Roche, Forge Therapeutics Form Pact for Drug-Resistant Antibiotic
Roche has formed a research collaboration and option agreement with Forge Therapeutics, a San Diego-based biopharmaceutical company, under for Forge’s FG-LpxC lung, an antibiotic for treating serious lung infections attributed to antibiotic-resistant Gram-negative bacteria, including Pseudomonas aeruginosa.
The FG-LpxC lung program is being developed to treat hospital-based infections, including those cited on the US Centers for Disease Control and Prevention, most urgent threats list, which commonly occur in people with weakened immune systems and chronic lung diseases.
Under the terms of the agreement, Roche has an exclusive option to license the FG-LpxC lung program from Forge. Forge will retain control of the program prior to Roche exercising its option, at which time Roche will take over the further development. Forge is eligible to receive up to $190.5 million in total payments, including potential sales-based payments and royalties upon commercialization of the program.

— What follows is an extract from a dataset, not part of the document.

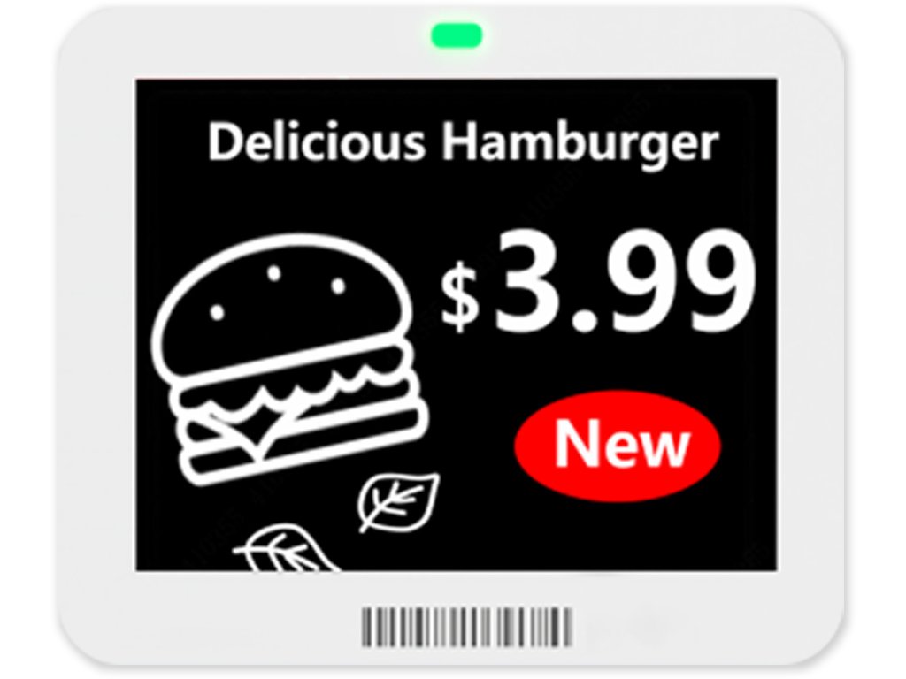 Elektronický digitální papír ESL velikost 4.2" pro maloobchodní regálové štítky, kombinace barev černá, bílá, červená, NFC. Komunikace s obslužným AP pomocí správy na Cloud účtu a SW třetích stran přes API rozhraní. Napájení 2x knoflíkovou baterií CR2450 3V, 600 mAh, životnost 5 let při přepisu 4x denně, rozměr 103.6 mm × 87 mm × 10.3 mm

LpxC, in Forge’s FG-Lpx antibiotic is zinc metalloenzyme, an antibiotic target. It is conserved across Gram-negative bacteria and not found in Gram-positive bacteria or human cells, according to information from Forge Therapeutics. Inhibiting LpxC results in potent killing of Gram-negative bacteria with the benefit of sparing Gram-positive bacteria, such as those residing in the protective microbiome of the gut, help to deter opportunistic C. difficile infections, according to information from the company.
The company says that other LpxC inhibitors have been evaluated in the past but chemistry limitations (e.g. hydroxamic acid) have yielded ineffective compounds that suffer from poor drug-like properties. Forge has developed non-hydroxamate inhibitors of LpxC that are effective in animal models of Gram-negative infection and are able to kill Gram-negative so-called “superbugs,” where other antibiotics are ineffective, according to information from the company.